* _EXERCISE INSTRUCTIONS_:
The expected response is the full listing, retyped exactly, without its images.

* _DATA SHOWN_:
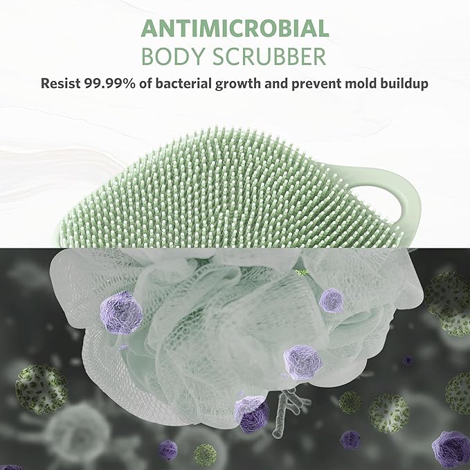 - Hygienic Silicone Body Scrubber: The body scrubber is made from 100% food-grade silicone and is infused with silver and zinc ions. It's more hygienic, comfortable and durable than loofahs or brushes made from other materials, ensuring a healthy and long-lasting cleaning experience
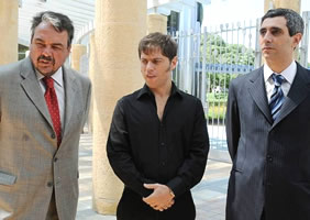 Baratta (der.), representante argentino ante la petrolera, quiso ingresar a una reunión de directorio con Kicillof y Cameron (izq.). No pudieron
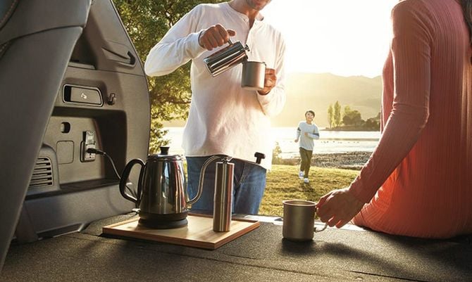 アウトランダーPHEVにはAC100Vコンセントが後部座席足元と荷室に1つずつ設置されている。2つのACコンセントは独立して利用でき、最大出力は2つ合わせて1500Wのため、アウトドアでコーヒーメーカーや炊飯器、ホットプレートなど、消費電力の大きい電化製品を使うこともできる。
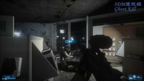 转移到这个房间,刚才位置的二楼和三楼都会有不少敌人,利用房间里放商品的架子当掩护,架子顶端有长方形的空间, 透过这个空间狙击敌人,杀光之后友军的飞机过来接应,从商场里跑到室外和友军汇合。
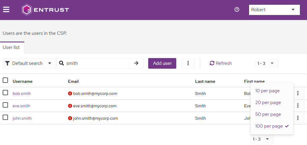 - Use the search options to filter users and select the number of users per page.
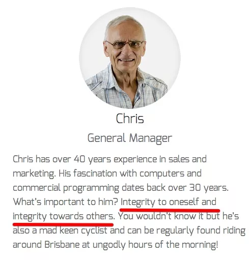 Like Chris, your General Manager says about himself on your website:
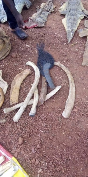 Huit peaux de crocodile, une défense entière d’éléphant, trois morceaux de défense d’éléphant, huit morceaux de peaux d’éléphant, quatre côtes d’éléphant, une queue d’éléphant, un crâne de phacochère, trois dents de phacochère, un crâne frais d’hippopotame et 19 objets sculptés en ivoire. C’est le butin saisi par la Direction Régionale de l’Environnement des Hauts Bassins le vendredi 08 avril 2022 à Bobo-Dioulasso entre les mains de quatre présumés trafiquants qui tentaient d’écouler leur marchandise.
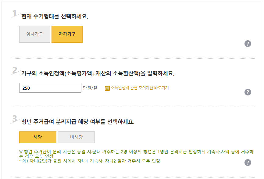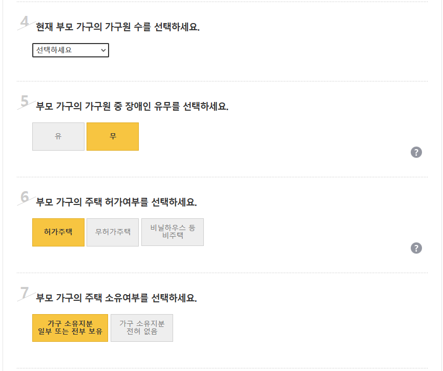 현재 부모 가구의 가구원 수, 부모 가구의 가구원 중 장애인 유무, 부모 가구의 주택 허가 여부, 부모 가구의 주택 소유여부를 선택하여야합니다. 선택을 하고나면 다시 선택해야하는 몇가지 사항이 나올 것입니다.

* _YOUR SOLUTION_:
 - Hygienic Silicone Body Scrubber: The body scrubber is made from 100% food-grade silicone and is infused with silver and zinc ions. It's more hygienic, comfortable and durable than loofahs or brushes made from other materials, ensuring a healthy and long-lasting cleaning experience
 Baratta (der.), representante argentino ante la petrolera, quiso ingresar a una reunión de directorio con Kicillof y Cameron (izq.). No pudieron
 アウトランダーPHEVにはAC100Vコンセントが後部座席足元と荷室に1つずつ設置されている。2つのACコンセントは独立して利用でき、最大出力は2つ合わせて1500Wのため、アウトドアでコーヒーメーカーや炊飯器、ホットプレートなど、消費電力の大きい電化製品を使うこともできる。
 转移到这个房间,刚才位置的二楼和三楼都会有不少敌人,利用房间里放商品的架子当掩护,架子顶端有长方形的空间, 透过这个空间狙击敌人,杀光之后友军的飞机过来接应,从商场里跑到室外和友军汇合。
 - Use the search options to filter users and select the number of users per page.
 Like Chris, your General Manager says about himself on your website:
 Huit peaux de crocodile, une défense entière d’éléphant, trois morceaux de défense d’éléphant, huit morceaux de peaux d’éléphant, quatre côtes d’éléphant, une queue d’éléphant, un crâne de phacochère, trois dents de phacochère, un crâne frais d’hippopotame et 19 objets sculptés en ivoire. C’est le butin saisi par la Direction Régionale de l’Environnement des Hauts Bassins le vendredi 08 avril 2022 à Bobo-Dioulasso entre les mains de quatre présumés trafiquants qui tentaient d’écouler leur marchandise.
 현재 부모 가구의 가구원 수, 부모 가구의 가구원 중 장애인 유무, 부모 가구의 주택 허가 여부, 부모 가구의 주택 소유여부를 선택하여야합니다. 선택을 하고나면 다시 선택해야하는 몇가지 사항이 나올 것입니다.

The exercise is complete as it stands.